Top of Information

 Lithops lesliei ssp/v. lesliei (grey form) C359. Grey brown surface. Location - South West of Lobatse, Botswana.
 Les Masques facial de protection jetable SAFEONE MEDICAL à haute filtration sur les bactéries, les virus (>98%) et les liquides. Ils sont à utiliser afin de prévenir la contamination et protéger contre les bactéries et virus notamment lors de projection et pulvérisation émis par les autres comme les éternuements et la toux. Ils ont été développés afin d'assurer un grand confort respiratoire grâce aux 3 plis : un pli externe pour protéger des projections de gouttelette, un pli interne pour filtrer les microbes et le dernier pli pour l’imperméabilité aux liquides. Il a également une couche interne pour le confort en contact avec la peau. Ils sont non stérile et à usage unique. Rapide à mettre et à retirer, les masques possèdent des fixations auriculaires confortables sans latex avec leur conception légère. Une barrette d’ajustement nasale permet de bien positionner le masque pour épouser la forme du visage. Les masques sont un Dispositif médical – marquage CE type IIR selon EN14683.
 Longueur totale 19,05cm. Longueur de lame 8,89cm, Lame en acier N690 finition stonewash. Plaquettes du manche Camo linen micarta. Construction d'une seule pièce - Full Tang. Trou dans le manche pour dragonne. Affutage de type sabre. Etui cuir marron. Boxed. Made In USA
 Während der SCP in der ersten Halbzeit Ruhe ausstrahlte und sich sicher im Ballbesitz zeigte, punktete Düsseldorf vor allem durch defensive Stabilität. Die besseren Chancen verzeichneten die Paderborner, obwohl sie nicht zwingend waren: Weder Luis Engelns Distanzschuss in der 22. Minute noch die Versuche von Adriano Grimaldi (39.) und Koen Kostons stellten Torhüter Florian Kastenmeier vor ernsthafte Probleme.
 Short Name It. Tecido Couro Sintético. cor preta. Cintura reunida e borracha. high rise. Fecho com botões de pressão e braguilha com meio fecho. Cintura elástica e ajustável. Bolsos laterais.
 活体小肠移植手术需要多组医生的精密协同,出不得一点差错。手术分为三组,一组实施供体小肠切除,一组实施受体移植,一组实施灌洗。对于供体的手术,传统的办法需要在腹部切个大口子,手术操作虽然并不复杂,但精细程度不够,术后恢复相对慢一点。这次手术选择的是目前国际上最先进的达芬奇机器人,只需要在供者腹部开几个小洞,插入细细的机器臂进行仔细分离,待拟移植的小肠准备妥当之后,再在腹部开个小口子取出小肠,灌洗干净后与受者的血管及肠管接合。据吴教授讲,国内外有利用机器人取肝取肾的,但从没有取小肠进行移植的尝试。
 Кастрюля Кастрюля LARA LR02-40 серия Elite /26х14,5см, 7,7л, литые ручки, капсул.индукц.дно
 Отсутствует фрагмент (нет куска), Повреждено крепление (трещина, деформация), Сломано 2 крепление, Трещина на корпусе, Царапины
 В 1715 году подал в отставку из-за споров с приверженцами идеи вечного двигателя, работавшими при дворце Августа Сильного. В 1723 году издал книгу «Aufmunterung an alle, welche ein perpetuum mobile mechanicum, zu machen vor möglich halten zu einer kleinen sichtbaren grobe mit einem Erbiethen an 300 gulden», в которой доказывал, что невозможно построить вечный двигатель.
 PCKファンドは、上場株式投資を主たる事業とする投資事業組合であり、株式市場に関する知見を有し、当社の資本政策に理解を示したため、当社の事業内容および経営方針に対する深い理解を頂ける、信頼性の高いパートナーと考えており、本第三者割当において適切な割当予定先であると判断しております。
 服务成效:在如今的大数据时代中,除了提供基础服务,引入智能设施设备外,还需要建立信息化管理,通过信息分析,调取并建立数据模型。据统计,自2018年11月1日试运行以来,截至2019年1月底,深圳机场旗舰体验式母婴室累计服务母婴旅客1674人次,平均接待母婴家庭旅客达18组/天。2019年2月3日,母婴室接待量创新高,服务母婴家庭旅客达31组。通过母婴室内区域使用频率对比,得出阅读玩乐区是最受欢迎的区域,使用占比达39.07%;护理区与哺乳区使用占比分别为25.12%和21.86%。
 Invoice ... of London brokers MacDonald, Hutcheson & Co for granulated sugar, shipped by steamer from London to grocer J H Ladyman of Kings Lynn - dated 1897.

Bottom of Information
Top of Information

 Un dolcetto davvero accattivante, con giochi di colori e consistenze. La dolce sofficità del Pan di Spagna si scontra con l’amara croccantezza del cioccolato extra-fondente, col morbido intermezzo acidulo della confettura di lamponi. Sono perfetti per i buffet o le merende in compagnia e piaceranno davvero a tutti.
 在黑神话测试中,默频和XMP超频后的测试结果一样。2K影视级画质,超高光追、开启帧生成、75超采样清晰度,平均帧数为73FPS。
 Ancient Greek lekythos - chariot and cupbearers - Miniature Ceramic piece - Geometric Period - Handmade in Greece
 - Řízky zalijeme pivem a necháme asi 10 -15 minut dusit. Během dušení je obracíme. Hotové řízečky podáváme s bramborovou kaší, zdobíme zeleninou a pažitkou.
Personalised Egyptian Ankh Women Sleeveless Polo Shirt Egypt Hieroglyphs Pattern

Bottom of Information

**Task brief**
Of all the entries above, retype exactly the lines from the line with "В 1715 году" to the line with "PCKファンドは、上場株式投", both included, and no others.

**The answer**
 В 1715 году подал в отставку из-за споров с приверженцами идеи вечного двигателя, работавшими при дворце Августа Сильного. В 1723 году издал книгу «Aufmunterung an alle, welche ein perpetuum mobile mechanicum, zu machen vor möglich halten zu einer kleinen sichtbaren grobe mit einem Erbiethen an 300 gulden», в которой доказывал, что невозможно построить вечный двигатель.
 PCKファンドは、上場株式投資を主たる事業とする投資事業組合であり、株式市場に関する知見を有し、当社の資本政策に理解を示したため、当社の事業内容および経営方針に対する深い理解を頂ける、信頼性の高いパートナーと考えており、本第三者割当において適切な割当予定先であると判断しております。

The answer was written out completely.